* _TASK DETAILS_: Your task is to return the span of lines beginning at the one with "Chirton Саше ароматическое" and ending at the last line of the data, exactly as it stands.

* _SUPPLIED MATERIAL_:
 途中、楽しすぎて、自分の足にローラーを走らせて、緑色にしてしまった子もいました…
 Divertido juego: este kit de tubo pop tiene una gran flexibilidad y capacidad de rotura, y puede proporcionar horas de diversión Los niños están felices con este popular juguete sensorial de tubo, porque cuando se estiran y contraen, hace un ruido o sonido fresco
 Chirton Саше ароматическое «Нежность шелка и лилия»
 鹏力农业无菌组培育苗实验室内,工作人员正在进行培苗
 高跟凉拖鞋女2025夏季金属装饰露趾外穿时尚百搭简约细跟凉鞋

* _WRITTEN SOLUTION_:
 Chirton Саше ароматическое «Нежность шелка и лилия»
 鹏力农业无菌组培育苗实验室内,工作人员正在进行培苗
 高跟凉拖鞋女2025夏季金属装饰露趾外穿时尚百搭简约细跟凉鞋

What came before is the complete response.